Katyń moves back and forth in time, jumping to and from the events surrounding the massacre in the Russian woods, and the post-war aftermath. Many will challenge the official story, but pay dearly for their dissent. A principal of the Fine Arts Academy seems more realistic when she flatly argues: “Poland will never be free again,” so it is best to scrape out what little consolation is available.
Discussions of the massacre are not academic or theoretical in Katyń. They are established historical fact, which Wajda forces the audience to confront directly. He dramatically concludes the film by returning to the actual incident, showing it in unflinchingly detail, down to the Soviets’ drainage system for the resulting blood. The effect is simply devastating (probably the most chilling scene I have ever seen on film). Katyń makes it inescapably clear evil does exist in the world.
Katyń is a great film—perhaps not Wajda’s masterpiece, but certainly a masterwork. Granted, it is not perfect. Characters are introduced and then suddenly dispensed with, having only been partially developed. However, Katyń is such powerful film, its passion overwhelms such shortcomings. Wajda’s scenes are brilliantly composed and the cast is first-rate. Andrzej Chyra is particularly effective as a cavalry lieutenant, who personifies guilt as the lieutenant who survives in place of his captain.
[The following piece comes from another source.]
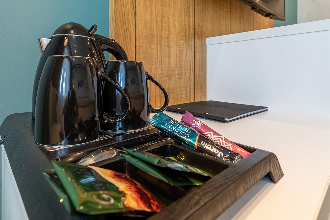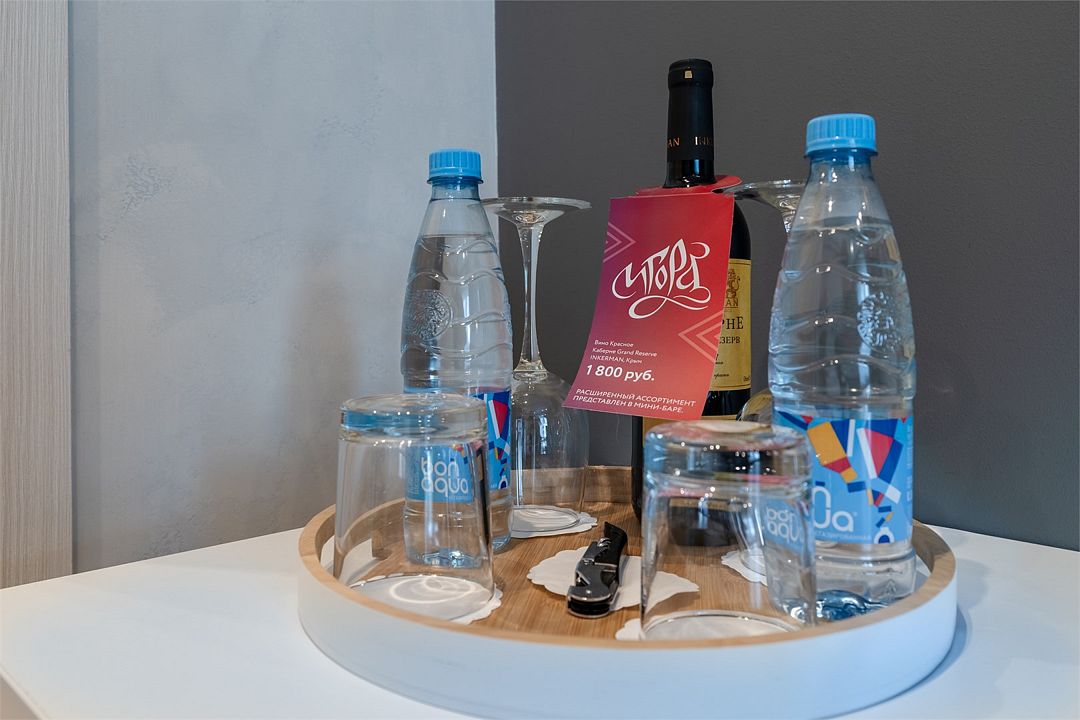 В номере есть чайник, минибар с доступными ценами, халаты, тапочки, зубной набор, что очень удобно

To call Wajda a great director is no exaggeration. In 2000, he was awarded an honorary Academy Award. Eight years later, Katyń became his fourth film nominated for the best foreign language award (and at eighty-one, he is reportedly at work on his next film). It will be impossible to discuss his oeuvre without addressing Katyń. If not his greatest film, it is certainly his most visceral. It is a withering examination of the Soviets’ cold-blooded machinery of death, the corrosive effect of their campaign of lies, and the moral cost of willfully accepting injustice, proving Wajda’s powers remain undiminished with age. It is a powerful film that should be seen by anyone who takes film seriously as an art-form. It opens Wednesday in New York at the Film Forum.